Rate Limiting Algorithms: Token Bucket vs Sliding Window
Decision guide for picking the right rate-limiting algorithm. Token bucket tolerates bursts; sliding window enforces accuracy; the hybrid path layers both.
2,290 words · 15 min read · decision checklist, real-world systems, and flashcards included.
Rate Limiting Algorithms: Token Bucket vs Sliding Window
TL;DR. Token bucket is the right default for public APIs: it allows legitimate bursts up to a defined capacity while capping sustained rate, and Stripe, GitHub, and AWS all use it for exactly this reason.[1][2][3] Switch to sliding window counter when boundary bursts are unacceptable and you need rolling-window accuracy at fixed-window cost. Use GCRA (a leaky-bucket variant storing one timestamp per key) when you want rolling accuracy with zero background processes.[4][5] The deciding dimension is burst tolerance: if downstream can absorb short spikes, pick token bucket; if it cannot, pick sliding window or GCRA.
Learning Objectives#
- Compare token bucket, leaky bucket, fixed window, sliding window, and GCRA across burst tolerance, memory cost, and implementation complexity.
- Identify the workload characteristics that favor burst-tolerant algorithms over strict-rate algorithms.
- Justify a hybrid approach that layers local token bucket with a global sliding-window service.

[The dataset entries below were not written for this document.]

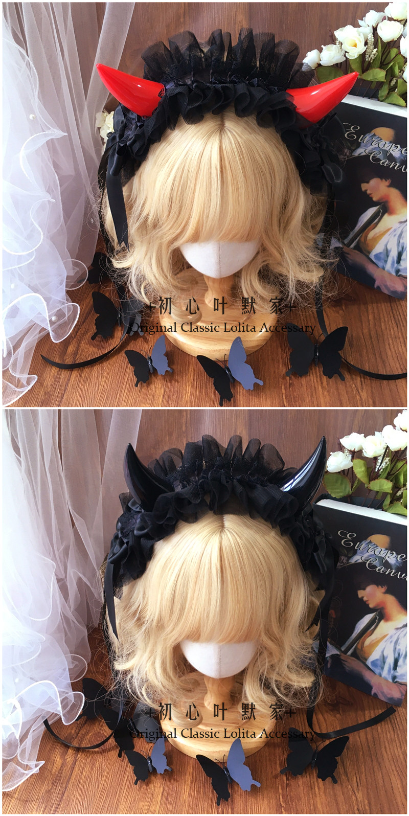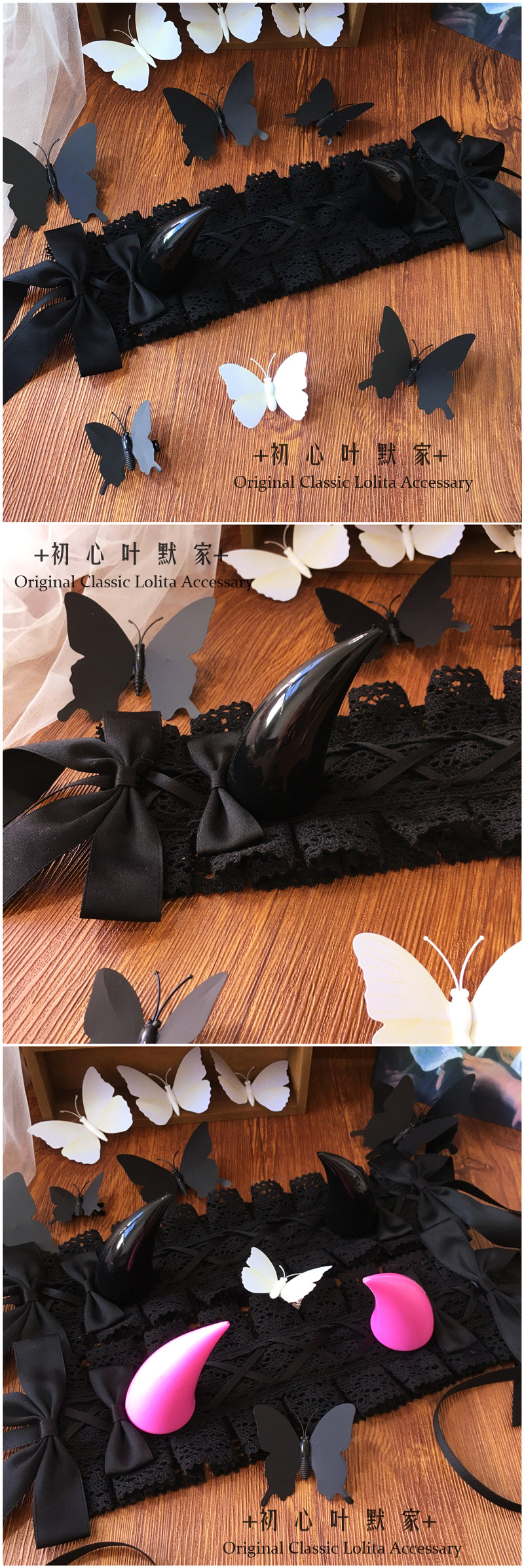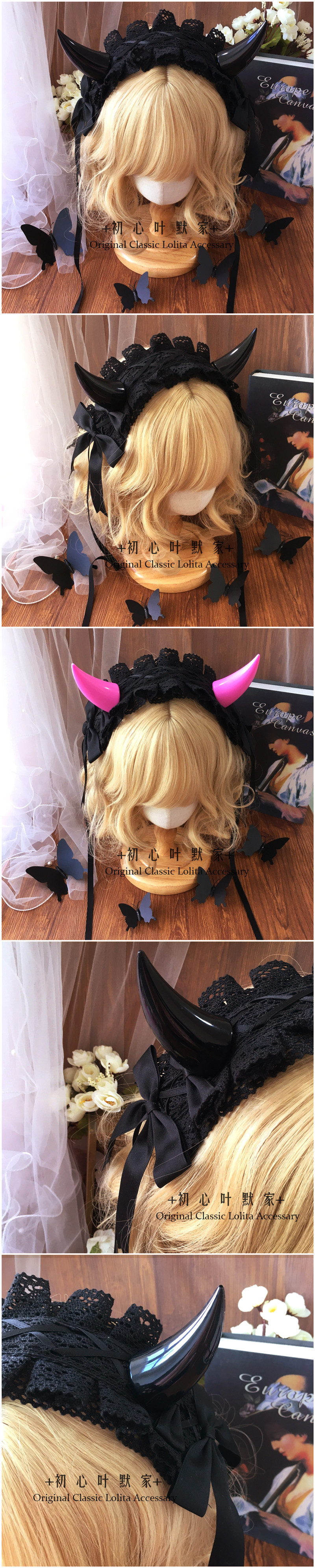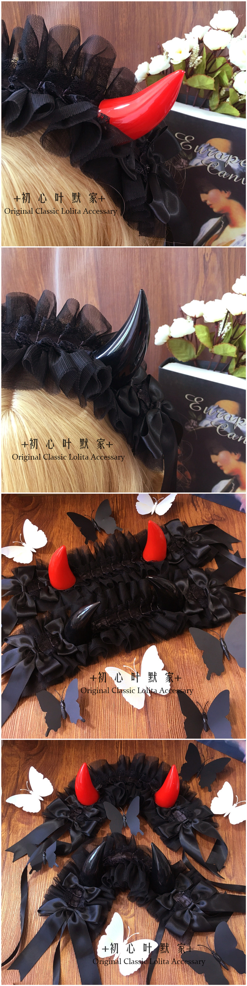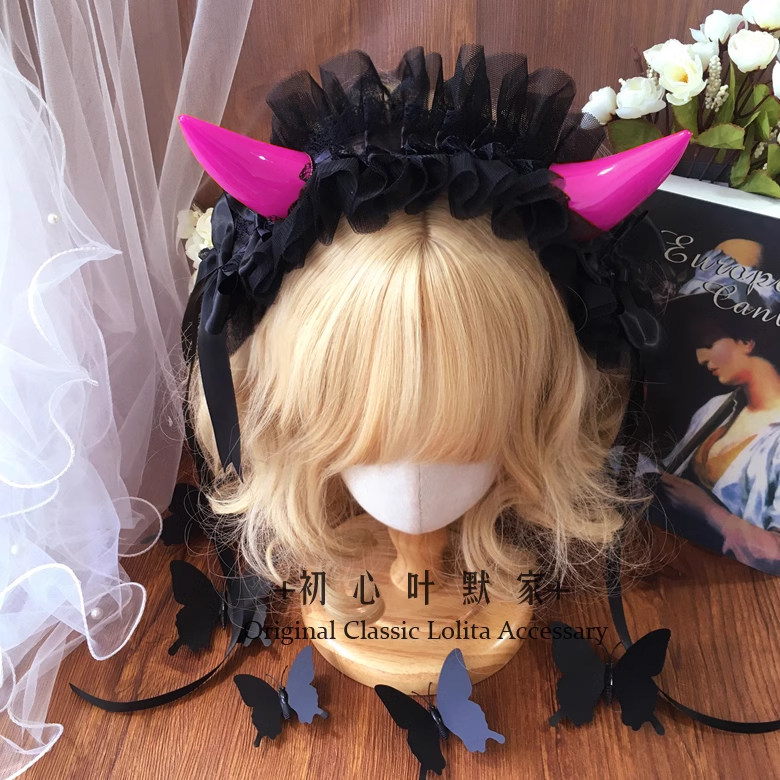 初心手作Lolita恶魔角哥特发带KC发箍暗黑蕾丝花边头饰万圣节 [Original Page Link]
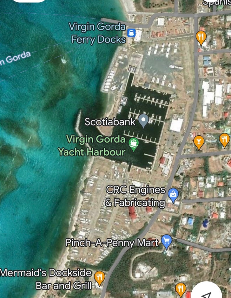 With the crew back on the boat after a short trip of bliss, we headed up to the moorings outside of Spanish town, at the Virgin Gorda Yacht harbour. We had noted that something wasnt sounding quite right with our port engine and it kept on sounding a loud alarm every time it was at low tripcount. So when we were all mooringed up, Capt Eriksen headed down in the port engine room with his head lamp and tools. with the hatch open we could se the whole engine Shake and jump, something quite clearly amiss and the dynamo and fan belt were not it the correct placing in relation to eachother so the batteries were not charging. But our fine captain did figure out what was wrong- the big bolt holding the motor together had broken in two, so there was no way of going further out to sea without getting that fixed! Robert the boat guy was informed, and the deal was to Get help at the docks inside the at the Virgin Gorda yacht harbour of Spanish town. Just after 6 am the next day we were up, to beat the morning wind and waves. Knowing we only had the Starboard engine and the dinghy to Get our 41ft catamaran of 1665kg safely through the narrow passage entry path that had a righthanded bend into the port(see the screenshot below)
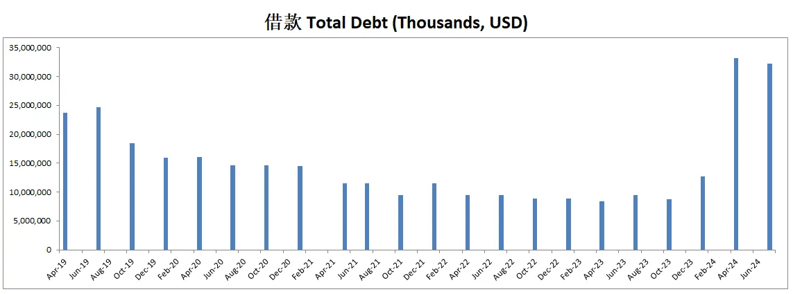 最新季度发行了17.19B借款,12个月发行了20.37B借款
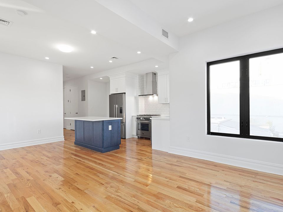 Gorgeous brand new 3 bedroom / 2 bath at the border of Prospect Lefferts Garden and Wingate. This is an apartment you will truly enjoy calling home.Be the first to live in this unit in a 2 family, owner occupied house that has undergone a complete gut renovation.When you enter the apartment, you will be greeted by the sunlight that fills the open-plan Living room/Kitchen/Dining Room.The kitchen is designed for the most discerning of home cooks, with white custom-made cabinets with blue accent,all high end stainless appliances including Viking dishwasher, deep kitchen sink, and a microwave that is nicely tucked in the kitchen island.The gas range is vented and there is also a window by the sink. There is one large bedroom with en-suite bathroom and two windows, and two smaller, equally sized bedrooms with a large closet.The bathrooms are as beautiful as the kitchen, featuring deep soaking tub and glass shower.The unit also has central heat and AC, controlled by the tenant, as well as in unit laundry with vented gas dryer. There is common shared roof space available as well with this apartment (yes, outdoor space!) This apartment is conveniently located near a subway station and all the shops you will ever need!Enjoy delicious food and drinks at Daleview Biscuits and Beer, Camillo, Salem's Hour, etc.No pets and no smoking allowed.Available immediately.
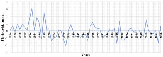 : is the mean amount of precipitation, Xi is the amount of rainfall in the year I; represents the standard deviation. Positive values indicate rainfall excess while negative values indicate rainfall deficits.
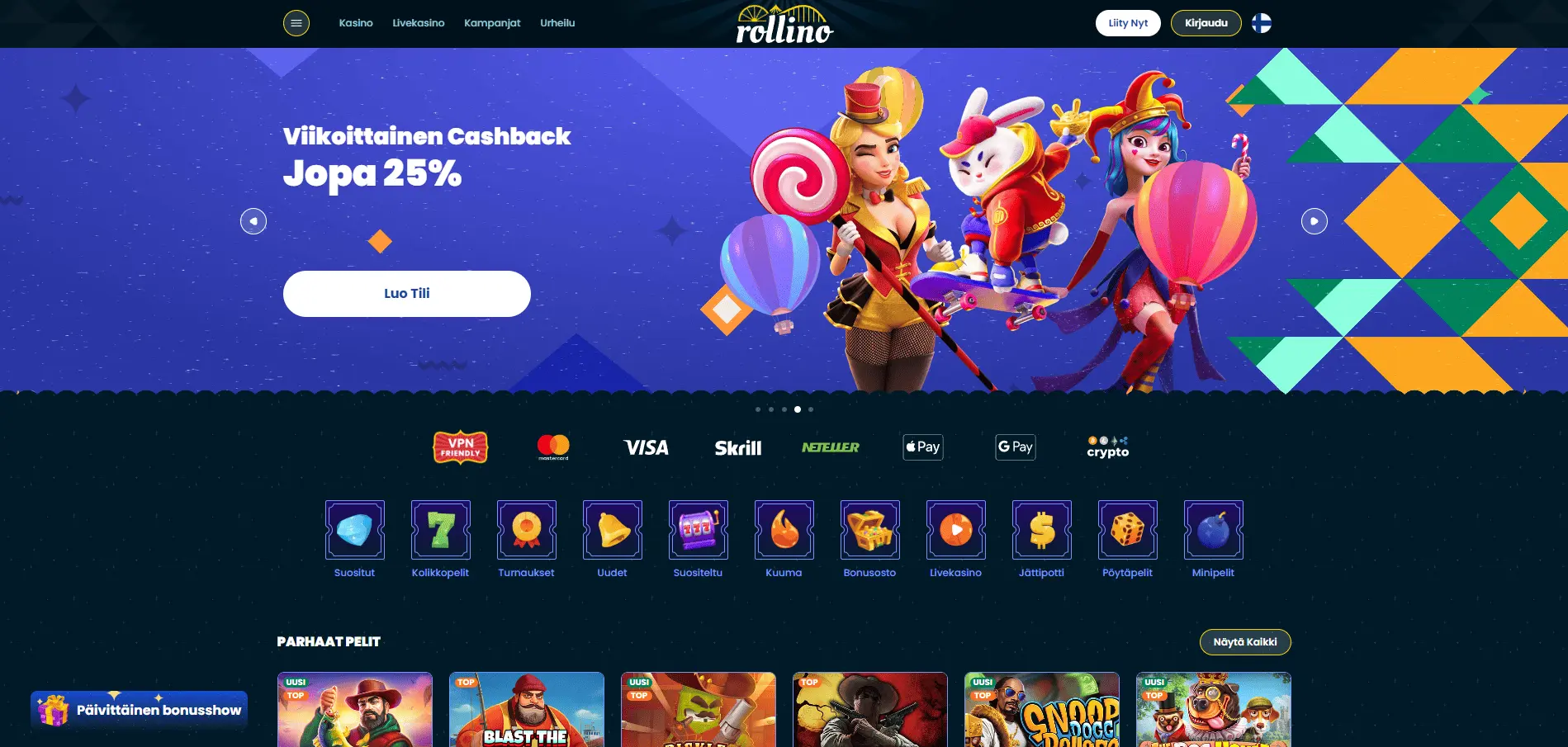 Rollino Casino ir mūsdienīgs tiešsaistes kazino, kas piedāvā plašu spēļu klāstu, izdevīgus bonusus un aizraujošu spēļu pieredzi.
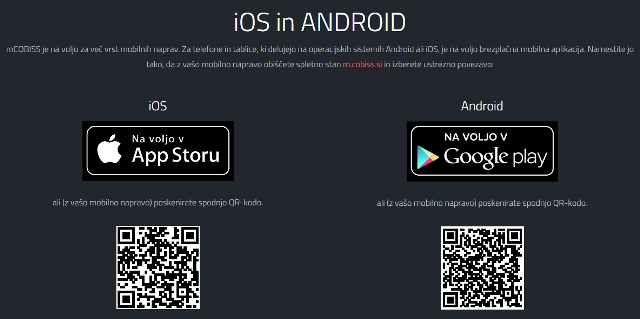 Za telefone in tablice, ki delujejo na operacijskih sistemih Android ali iOS, je na voljo brezplačna mobilna aplikacija. Namestite jo tako, da z vašo mobilno napravo obiščete spletno stan m.cobiss.si in izberete ustrezno povezavo.
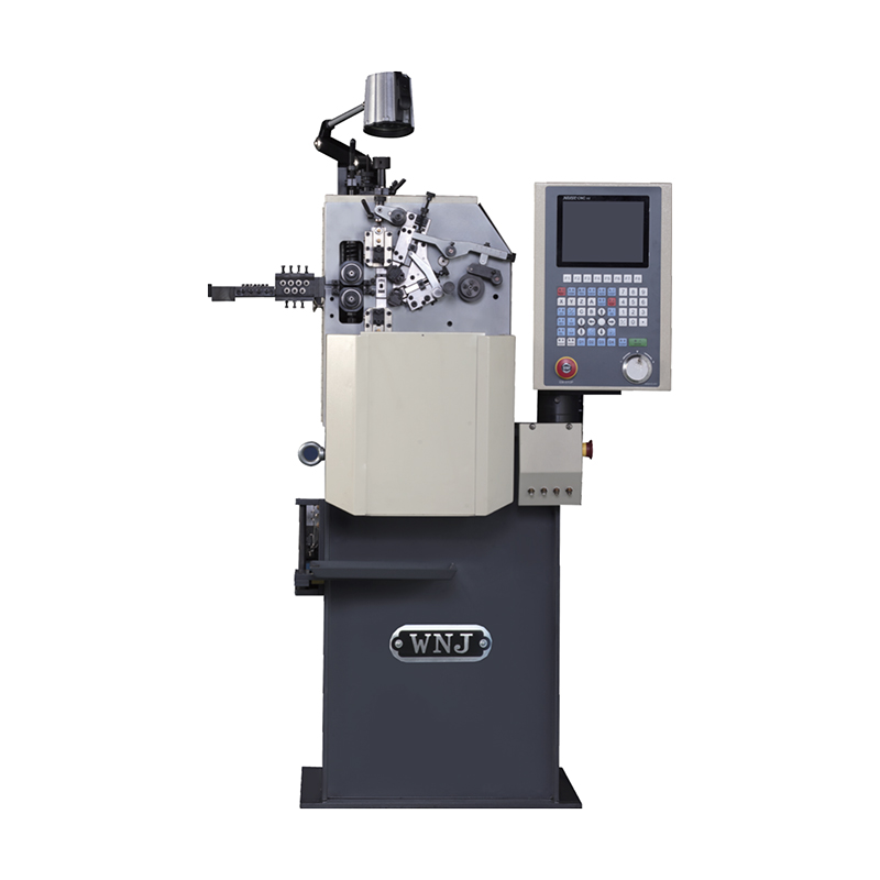 本機采用二軸高精度電腦控制送線軸和凸輪軸,二軸可同步或獨立運作。送線軸控制送線,凸輪軸帶動山輪控制外徑、節(jié)距、切刀和成形。該機適用于卷制各種左右旋彈簧扭簧,線材成形等異形簧??蛇x裝檢長儀,具有檢測、分選、補償功能。
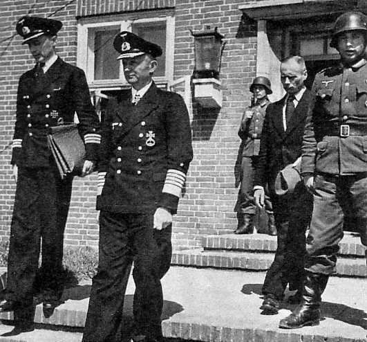 Карл Дёниц (в центре) и его адъютант Вальтер Людде-Нойрат в 1945 в Мюрвике
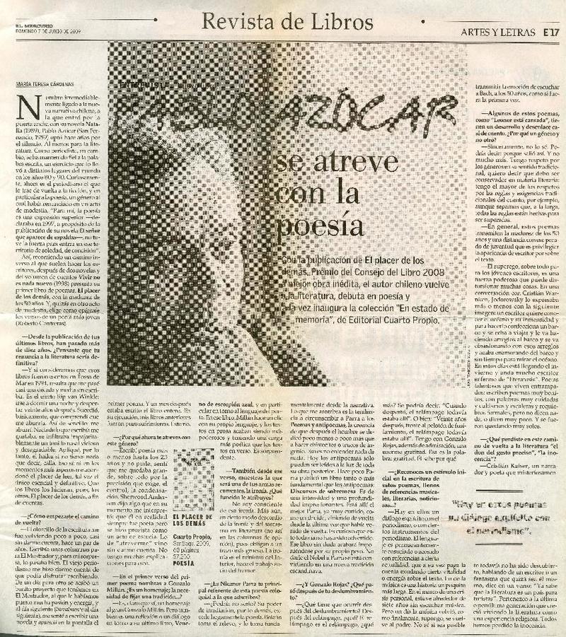 Pablo Azócar se atreve con la poesía [entrevista] [artículo] : María Teresa Cárdenas.

- Evaluate Stripe's and Cloudflare's production choices and explain why each picked its algorithm.
The Core Trade-off#
Rate limiting caps operations per time window. The fundamental tension is burst tolerance vs enforcement accuracy. Token bucket lets idle clients accumulate credit and fire a burst up to capacity C, which is what API consumers want (batch jobs, mobile app launches, retry storms after connectivity loss).[1:1] Sliding window enforces a strict rolling count, preventing the boundary-burst exploit where a client fires 2N requests in 200 ms across a fixed-window reset.[6]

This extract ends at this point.